● **What to work on**
Every record, from the first to the last, is to be printed again exactly.

● **Data for analysis**
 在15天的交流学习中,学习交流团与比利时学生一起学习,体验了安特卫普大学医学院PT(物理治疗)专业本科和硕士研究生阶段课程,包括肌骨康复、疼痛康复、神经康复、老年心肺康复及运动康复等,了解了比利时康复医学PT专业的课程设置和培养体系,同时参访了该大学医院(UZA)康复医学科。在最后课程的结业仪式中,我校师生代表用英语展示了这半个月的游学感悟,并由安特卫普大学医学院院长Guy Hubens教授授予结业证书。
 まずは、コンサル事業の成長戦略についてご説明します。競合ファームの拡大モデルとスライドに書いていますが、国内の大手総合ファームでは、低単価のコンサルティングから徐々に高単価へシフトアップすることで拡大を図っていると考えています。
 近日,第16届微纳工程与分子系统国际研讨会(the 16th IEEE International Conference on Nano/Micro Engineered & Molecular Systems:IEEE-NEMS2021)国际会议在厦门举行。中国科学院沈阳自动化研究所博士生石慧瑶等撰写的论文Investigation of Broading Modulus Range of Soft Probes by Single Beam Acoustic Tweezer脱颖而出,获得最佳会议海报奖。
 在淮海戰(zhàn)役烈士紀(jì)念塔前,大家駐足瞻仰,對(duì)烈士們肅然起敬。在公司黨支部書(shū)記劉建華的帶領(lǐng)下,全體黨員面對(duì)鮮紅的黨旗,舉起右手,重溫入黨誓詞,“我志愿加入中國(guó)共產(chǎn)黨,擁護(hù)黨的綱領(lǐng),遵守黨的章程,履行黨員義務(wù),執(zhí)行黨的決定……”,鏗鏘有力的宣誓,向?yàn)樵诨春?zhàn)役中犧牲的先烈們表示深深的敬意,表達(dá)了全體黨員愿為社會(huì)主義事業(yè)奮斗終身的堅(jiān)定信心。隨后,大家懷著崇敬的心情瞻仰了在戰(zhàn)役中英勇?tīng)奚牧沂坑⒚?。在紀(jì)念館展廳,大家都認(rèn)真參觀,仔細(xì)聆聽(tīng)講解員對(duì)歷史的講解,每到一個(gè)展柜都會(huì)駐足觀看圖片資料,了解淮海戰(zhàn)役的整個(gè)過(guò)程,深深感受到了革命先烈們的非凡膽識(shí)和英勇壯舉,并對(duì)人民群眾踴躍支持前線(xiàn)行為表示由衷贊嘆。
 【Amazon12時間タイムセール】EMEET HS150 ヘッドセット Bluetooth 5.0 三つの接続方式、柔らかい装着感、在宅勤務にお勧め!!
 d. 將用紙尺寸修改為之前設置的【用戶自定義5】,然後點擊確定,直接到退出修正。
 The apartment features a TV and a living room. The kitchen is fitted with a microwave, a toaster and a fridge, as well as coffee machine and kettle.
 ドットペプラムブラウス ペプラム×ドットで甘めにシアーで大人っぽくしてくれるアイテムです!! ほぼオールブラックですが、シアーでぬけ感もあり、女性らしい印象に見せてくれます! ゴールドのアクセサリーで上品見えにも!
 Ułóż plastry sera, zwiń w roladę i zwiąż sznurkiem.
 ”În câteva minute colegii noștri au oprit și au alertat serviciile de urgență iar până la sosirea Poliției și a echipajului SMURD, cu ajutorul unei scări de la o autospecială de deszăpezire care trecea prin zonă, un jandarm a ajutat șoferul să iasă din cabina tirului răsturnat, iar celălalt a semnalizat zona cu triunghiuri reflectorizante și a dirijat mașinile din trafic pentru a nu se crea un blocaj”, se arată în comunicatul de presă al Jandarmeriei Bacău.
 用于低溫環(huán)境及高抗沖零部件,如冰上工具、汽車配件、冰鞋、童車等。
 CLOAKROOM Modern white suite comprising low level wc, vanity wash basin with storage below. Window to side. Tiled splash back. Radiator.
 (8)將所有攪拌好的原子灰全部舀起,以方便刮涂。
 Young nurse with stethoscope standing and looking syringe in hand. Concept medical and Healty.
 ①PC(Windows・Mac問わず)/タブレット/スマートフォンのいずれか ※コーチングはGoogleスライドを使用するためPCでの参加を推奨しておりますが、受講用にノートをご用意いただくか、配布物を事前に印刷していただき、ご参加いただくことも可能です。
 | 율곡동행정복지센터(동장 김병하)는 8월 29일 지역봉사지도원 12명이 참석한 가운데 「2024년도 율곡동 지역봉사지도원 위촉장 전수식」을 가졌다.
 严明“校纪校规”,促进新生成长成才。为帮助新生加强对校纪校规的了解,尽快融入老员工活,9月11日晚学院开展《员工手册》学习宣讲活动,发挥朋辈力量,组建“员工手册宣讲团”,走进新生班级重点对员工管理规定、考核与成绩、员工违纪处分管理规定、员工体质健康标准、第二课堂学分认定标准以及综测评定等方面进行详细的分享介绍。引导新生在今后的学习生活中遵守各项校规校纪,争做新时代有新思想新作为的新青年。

● **Answer space**
 在15天的交流学习中,学习交流团与比利时学生一起学习,体验了安特卫普大学医学院PT(物理治疗)专业本科和硕士研究生阶段课程,包括肌骨康复、疼痛康复、神经康复、老年心肺康复及运动康复等,了解了比利时康复医学PT专业的课程设置和培养体系,同时参访了该大学医院(UZA)康复医学科。在最后课程的结业仪式中,我校师生代表用英语展示了这半个月的游学感悟,并由安特卫普大学医学院院长Guy Hubens教授授予结业证书。
 まずは、コンサル事業の成長戦略についてご説明します。競合ファームの拡大モデルとスライドに書いていますが、国内の大手総合ファームでは、低単価のコンサルティングから徐々に高単価へシフトアップすることで拡大を図っていると考えています。
 近日,第16届微纳工程与分子系统国际研讨会(the 16th IEEE International Conference on Nano/Micro Engineered & Molecular Systems:IEEE-NEMS2021)国际会议在厦门举行。中国科学院沈阳自动化研究所博士生石慧瑶等撰写的论文Investigation of Broading Modulus Range of Soft Probes by Single Beam Acoustic Tweezer脱颖而出,获得最佳会议海报奖。
 在淮海戰(zhàn)役烈士紀(jì)念塔前,大家駐足瞻仰,對(duì)烈士們肅然起敬。在公司黨支部書(shū)記劉建華的帶領(lǐng)下,全體黨員面對(duì)鮮紅的黨旗,舉起右手,重溫入黨誓詞,“我志愿加入中國(guó)共產(chǎn)黨,擁護(hù)黨的綱領(lǐng),遵守黨的章程,履行黨員義務(wù),執(zhí)行黨的決定……”,鏗鏘有力的宣誓,向?yàn)樵诨春?zhàn)役中犧牲的先烈們表示深深的敬意,表達(dá)了全體黨員愿為社會(huì)主義事業(yè)奮斗終身的堅(jiān)定信心。隨后,大家懷著崇敬的心情瞻仰了在戰(zhàn)役中英勇?tīng)奚牧沂坑⒚?。在紀(jì)念館展廳,大家都認(rèn)真參觀,仔細(xì)聆聽(tīng)講解員對(duì)歷史的講解,每到一個(gè)展柜都會(huì)駐足觀看圖片資料,了解淮海戰(zhàn)役的整個(gè)過(guò)程,深深感受到了革命先烈們的非凡膽識(shí)和英勇壯舉,并對(duì)人民群眾踴躍支持前線(xiàn)行為表示由衷贊嘆。
 【Amazon12時間タイムセール】EMEET HS150 ヘッドセット Bluetooth 5.0 三つの接続方式、柔らかい装着感、在宅勤務にお勧め!!
 d. 將用紙尺寸修改為之前設置的【用戶自定義5】,然後點擊確定,直接到退出修正。
 The apartment features a TV and a living room. The kitchen is fitted with a microwave, a toaster and a fridge, as well as coffee machine and kettle.
 ドットペプラムブラウス ペプラム×ドットで甘めにシアーで大人っぽくしてくれるアイテムです!! ほぼオールブラックですが、シアーでぬけ感もあり、女性らしい印象に見せてくれます! ゴールドのアクセサリーで上品見えにも!
 Ułóż plastry sera, zwiń w roladę i zwiąż sznurkiem.
 ”În câteva minute colegii noștri au oprit și au alertat serviciile de urgență iar până la sosirea Poliției și a echipajului SMURD, cu ajutorul unei scări de la o autospecială de deszăpezire care trecea prin zonă, un jandarm a ajutat șoferul să iasă din cabina tirului răsturnat, iar celălalt a semnalizat zona cu triunghiuri reflectorizante și a dirijat mașinile din trafic pentru a nu se crea un blocaj”, se arată în comunicatul de presă al Jandarmeriei Bacău.
 用于低溫環(huán)境及高抗沖零部件,如冰上工具、汽車配件、冰鞋、童車等。
 CLOAKROOM Modern white suite comprising low level wc, vanity wash basin with storage below. Window to side. Tiled splash back. Radiator.
 (8)將所有攪拌好的原子灰全部舀起,以方便刮涂。
 Young nurse with stethoscope standing and looking syringe in hand. Concept medical and Healty.
 ①PC(Windows・Mac問わず)/タブレット/スマートフォンのいずれか ※コーチングはGoogleスライドを使用するためPCでの参加を推奨しておりますが、受講用にノートをご用意いただくか、配布物を事前に印刷していただき、ご参加いただくことも可能です。
 | 율곡동행정복지센터(동장 김병하)는 8월 29일 지역봉사지도원 12명이 참석한 가운데 「2024년도 율곡동 지역봉사지도원 위촉장 전수식」을 가졌다.
 严明“校纪校规”,促进新生成长成才。为帮助新生加强对校纪校规的了解,尽快融入老员工活,9月11日晚学院开展《员工手册》学习宣讲活动,发挥朋辈力量,组建“员工手册宣讲团”,走进新生班级重点对员工管理规定、考核与成绩、员工违纪处分管理规定、员工体质健康标准、第二课堂学分认定标准以及综测评定等方面进行详细的分享介绍。引导新生在今后的学习生活中遵守各项校规校纪,争做新时代有新思想新作为的新青年。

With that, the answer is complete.